You see, like Shrek (or the Beast or any other don't-judge-a-book-by-its-cover character), long-term disability insurance is scary because it's misunderstood. For example, people hold onto the myth that disability is a low-probability catastrophe from a high-risk activity, like getting paralyzed in a skiing accident. But the fact is our risk of disability is twice as high as our risk of early death. And most disabilities are caused by illnesses, not accidents. Boom. Facts. And these myths and misconceptions are a key reason why you probably don't have disability insurance. So, in honor of disability insurance awareness month (May, in case you didn't know), I'm going to do disability insurance a favor and fact-bomb other myths below:
Facts: It's tougher to qualify for Social Security disability insurance (SSDI) than it is to get into some top colleges! Only 35% of initial Social Security Disability insurance claim applications were accepted in 2012 (compare: the acceptance rate at the University of Michigan is 40%). And if you do qualify, the average SSDI payment is just $1,130 a month.
What about workers' compensation? It won't cover you in most cases, since 95% of accidents and illnesses are non-work related.
If you can do it, you're much better off creating your own safety net.
Facts: You're in the fortunate minority! Only 47% of employers offer disability insurance. But, you might not be as covered as you think you are. A few things to keep in mind:
Generally, long-term disability insurance through work is paid with before-tax dollars. This means benefits are taxable, which effectively lowers the payout to you when you're disabled.
Long-term disability insurance through work generally has more limited coverage than a policy you buy on your own. Some policies may stop payments completely if you're capable of returning to some form of work. They also generally limit the benefit period, sometimes to as little as 2 years.
If you change jobs, you can't take your long-term disability insurance with you.

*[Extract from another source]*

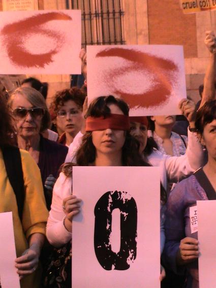 El grupo de mujeres allí reunidas, autodenominados “Mujeres por una sociedad libre de violencia hacia personas y animales” defendió la naturaleza empática de la mujer y negaron su papel de cómplice de la tortura del toro, como sugiere el cartel, y por lo tanto a ni ser maltratadas ni maltratadoras.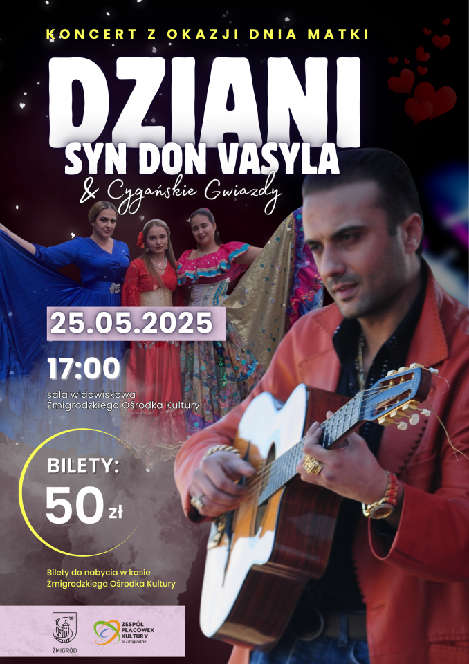 To nie tylko koncert – to prawdziwa muzyczna uczta, pełna ognistych rytmów, wzruszających ballad i barwnych emocji, które poruszą każde serce. Dziani, dziedzic talentu i charyzmy Don Vasyla, z powodzeniem kontynuuje muzyczną tradycję swojej rodziny, zdobywając serca publiczności w całej Polsce. Teraz zagości również u nas – w Żmigrodzie.

And if your new employer does not offer disability insurance, you'll need to purchase it on your own. This can be difficult to do as you get older.
Purchasing an individual long-term disability policy will provide you tax-free benefits with features that match your needs. And you keep it for as long as you need it. Supplementing what you already get from work could be a smart move.
Facts: Actually, many long-term disability insurance policies pay benefits even when you're working. Some policies pay so-called "residual" benefits if you're only partially disabled (i.e., can only work part-time due to your health condition). Some policies also pay benefits when you're working in a different occupation because you're unable to work in your regular occupation.
Long-term disability insurance protects your most important asset - your income. So it's worth the time to separate facts from myths.